![tower bridge](london.jpg)

London, or as the Romans called it "Londonium"! Home to [over 8.5 million residents](https://www.ons.gov.uk/peoplepopulationandcommunity/populationandmigration/populationestimates/bulletins/populationandhouseholdestimatesenglandandwales/census2021unroundeddata#population-and-household-estimates-england-and-wales-data) who speak over [300 languages](https://web.archive.org/web/20080924084621/http://www.cilt.org.uk/faqs/langspoken.htm). While the City of London is a little over one square mile (hence its nickname "The Square Mile"), Greater London has grown to encompass 32 boroughs spanning a total area of 606 square miles! 

![underground train leaving a platform](tube.jpg)

Given the city's roads were originally designed for horse and cart, this area and population growth has required the development of an efficient public transport system! Since the year 2000, this has been through the local government body called **Transport for London**, or *TfL*, which is managed by the London Mayor's office. Their remit covers the London Underground, Overground, Docklands Light Railway (DLR), buses, trams, river services (clipper and [Emirates Airline cable car](https://en.wikipedia.org/wiki/London_cable_car)), roads, and even taxis.

The Mayor of London's office make their data available to the public [here](https://data.london.gov.uk/dataset). In this project, I worked with a slightly modified version of a dataset containing information about public transport journey volume by transport type. 

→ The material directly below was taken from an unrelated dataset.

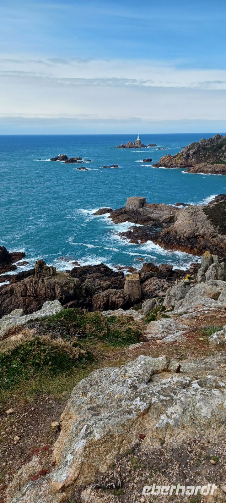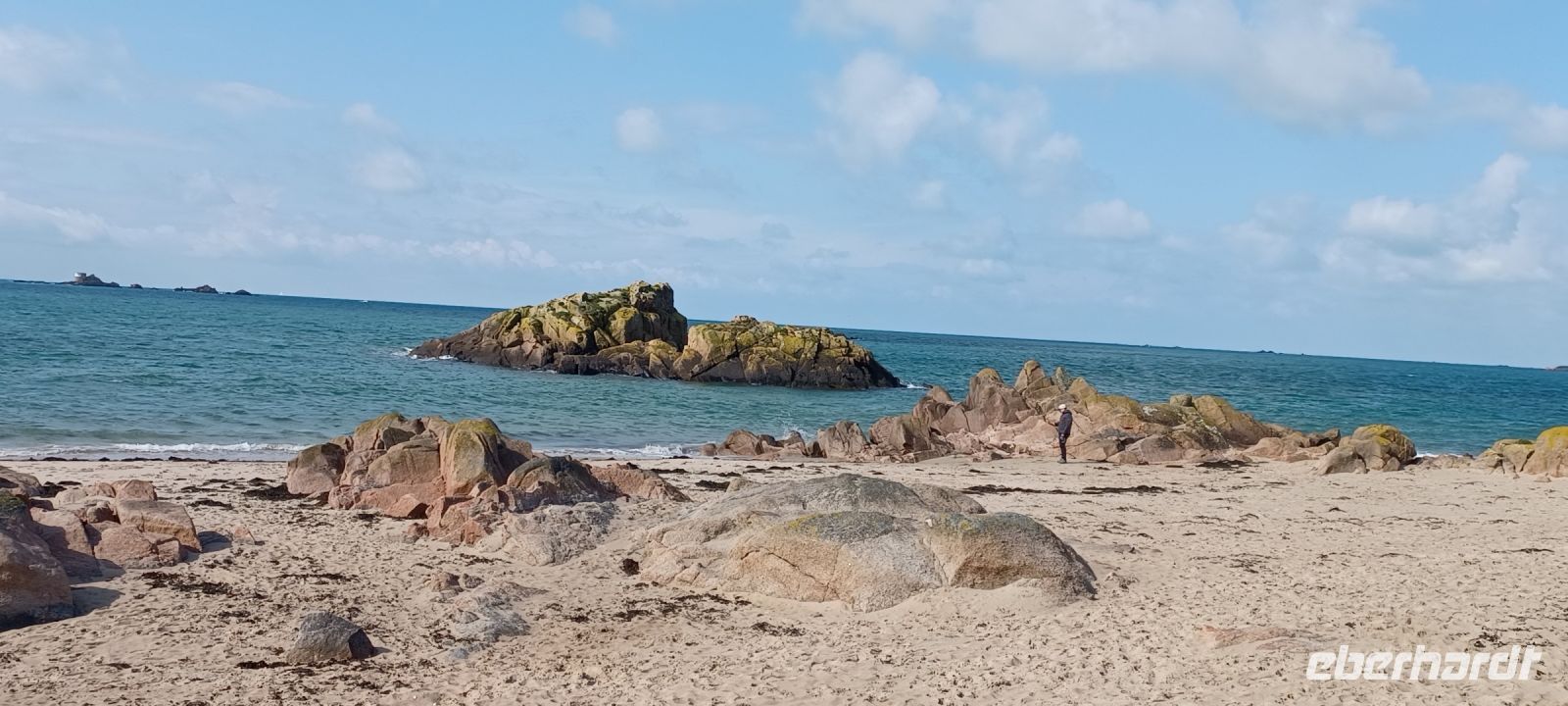 Voller Erwartungen treffen wir uns nach dem Frühstück mit Heidi, der Reiseleiterin auf Jersey, zur Inselrundfahrt. Wir lernen auch Vince kennen, der den Bus durch die engen Straßen sicher steuert. Wir sind in guter Stimmung, die Sonne lacht, der Himmel zeigt sich in den schönsten Blautönen, die er bieten kann. Es geht los. Viele Fotostopps ermöglichen es uns, die Schönheit der Insel im Bild festzuhalten. Wir laufen zum Strand bei La Rocque, wo wir die ersten eigenartig geformten Muscheln sammeln. Später sehen wir das wunderhübsche mit Blumen geschmückte Ortszentrum am Gorey Castle. Entlang geht es an der St. Catherine`s Bay und der Rozel Bay bis hin zur Boule Bay. Tolle Aussichten verlocken zu zahlreichen Fotostopps. Das Mittagessen nehmen wir im hübschen Restaurant „Le Fontaines Taverne“ ein. Gestärkt setzen wir unsere Fahrt durch die 12 Gemeinden der Insel fort. Schließlich geht es im Westen entlang der St. Queen`s Bay zum Cobiere Leuchtturm, der auch das Ziel der Wandergruppe an den folgenden Tagen sein wird. Nach einem kurzen Halt an der Brelades Bay fahren wir durch St. Aubin zurück zu unserem Hotel, wo wir uns dann zum täglichen Treffen versammeln. Wir tauschen die Erlebnisse des Tages aus und sprechen über den folgenden Urlaubstag. Danach essen wir gemeinsam im Restaurant. Das 3-Gänge-Menü haben wir am Tag zuvor aussuchen und bestellen können. Allen schmeckt es immer hervorragend. Der Tag neigt sich dem Ende zu. Einige Gäste wollen noch einen Abendspaziergang machen oder ein Glas Wein in der Lobby trinken.

The data has been loaded into a **PostgreSQL** database called `tfl` with a single table called `journeys`, including the following data:

## tfl.journeys

| Column | Definition | Data type |
|--------|------------|-----------|
| `month`| Month in number format, e.g., `1` equals January | `INTEGER` |
| `year` | Year | `INTEGER` |
| `days` | Number of days in the given month | `INTEGER` |
| `report_date` | Date that the data was reported | `DATE` |
| `journey_type` | Method of transport used | `VARCHAR` |
| `journeys_millions` | Millions of journeys, measured in decimals | `FLOAT` |


In this project I am using SQL queries to answer three business asks:
- What are the most popular transport types, measured by the total number of journeys? The output should contain two columns, 1) journey_type and 2) total_journeys_millions, and be sorted by the second column in descending order.
- Which five months and years were the most popular for the Emirates Airline? Return an output containing month, year, and journeys_millions, with the latter rounded to two decimal places and aliased as rounded_journeys_millions. Exclude null values and order the results by 1) rounded_journeys_millions in descending order and 2) year in ascending order, saving the result as emirates_airline_popularity.
- Find the five years with the lowest volume of Underground & DLR journeys, saving as least_popular_years_tube. The results should contain the columns year, journey_type, and total_journeys_millions.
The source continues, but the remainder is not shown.